Another highlight of this sale will be a vibrantly colored work by Jean Auguste Dominique Ingres, Paolo and Francesca (est. $200/300,000). While Ingres thought of himself as a painter of history, he is most known for his portraits. The story of Paolo Malatesta and Francesca da Polenta is first told by Dante in the Divine Comedy. When Ingres took up the tale around 1814, a new translation of Dante’s masterwork made the Divine Comedy more accessible to French audiences, and the story of Paolo and Francesca in particular quickly became one of Paris’ favorite tragedies. Francesca, the daughter of a nobleman from Ravenna, had been wed in a politically arranged marriage to a much older man, Giovanni Malatesta, who was physically deformed and wholly absorbed by his continual wars. In Dante's retelling of the tale, the poet encounters Francesca and Paolo in the second circle of hell, where they have been condemned to fly through the whirlwind in a meaningless embrace for all eternity because of a moment of carnal love. Ingres focuses his attention to the fatal moment of Paolo’s kiss and Francesca’s quiet acquiescence.

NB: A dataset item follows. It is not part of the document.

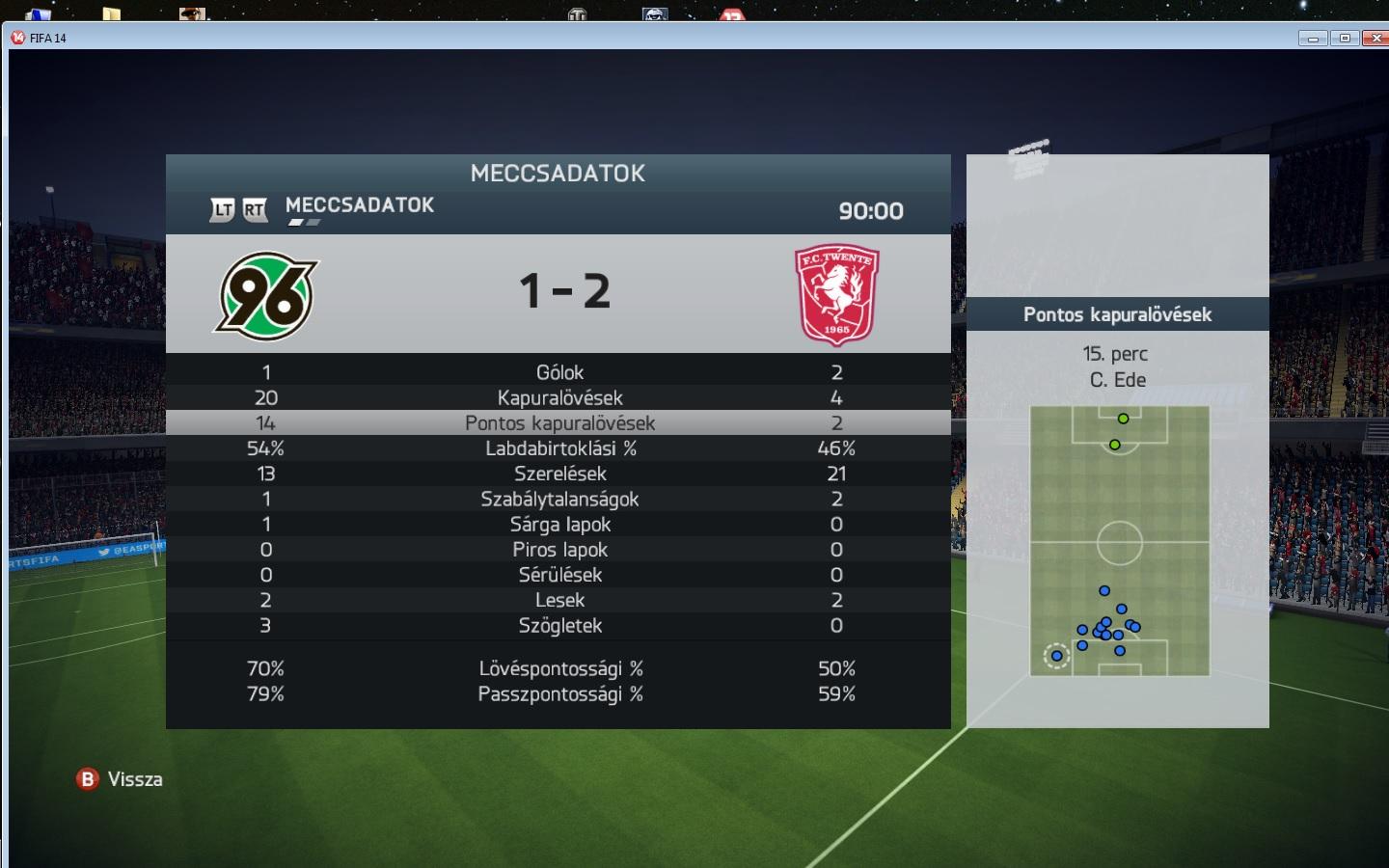 A másik meccsen pedig jobb voltam az ellenfélnél, ötven valahányadik percig 4-2 nekem, aztán jön fel a srác valahogy 4-3 még mindig nekem. Ám a vége az, hogy a 90. percben, nem egy, hanem két gólt is szerez, és ő nyert 5-4-re! Ja ebből majdnem mind fejes gól neki, pedig Kompany David Luiz CB párossal voltam a pályán, de cseszhettem, mert az egyiket David Villa, a másikat Pedro fejelte!
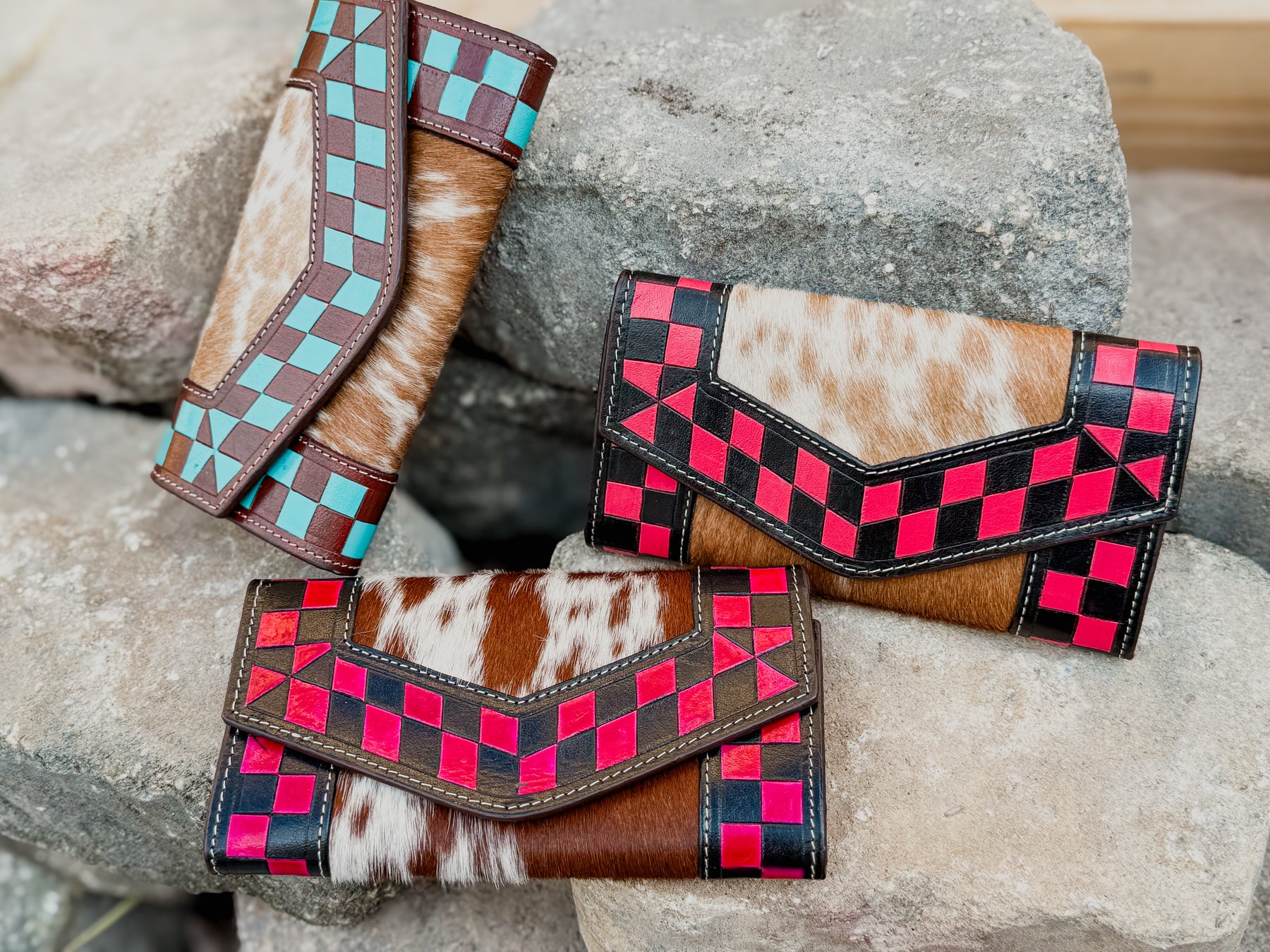 Bold, electric, and unapologetically different. Checkmate: High Voltage takes our signature checkered design and turns the volume all the way up — featuring hand-painted leather, genuine hair-on cowhide, and statement colorways made for neon cowgirls and bold women who don’t blend in.

Another interesting and important work being offered in this sale is William McGregor Paxton’s Odalisque with the Slave (Copy After Ingres) (est. $70/90,000), from 1932, which is a study of Ingres’ painting from 1839. Paxton was an esteemed member of the Boston School, a group of American Impressionists including Edmund C. Tarbell and Frank W. Benson who achieved commercial and critical success through their portrayals of elegant women in well-appointed interiors. The Ingres originally belonged to the well known Philadelphia collector Carroll S. Tyson, who was a close friend of Paxton, and the artist painted his version of Ingres’ masterpiece while studying the picture in Tyson’s home. Paxton carefully emulates the recumbent odalisque, lying barely clothed in her daybed, being entertained by her dutiful servant, her eunuch standing guard nearby. Paxton faithfully transcribes the geometrically-patterned textiles and sumptuous fabrics, even adopting Ingres’ vivid palette comprised of primary hues. This work is a skillfully rendered homage to the great French master and is testament to the lasting impact of European art on American artists.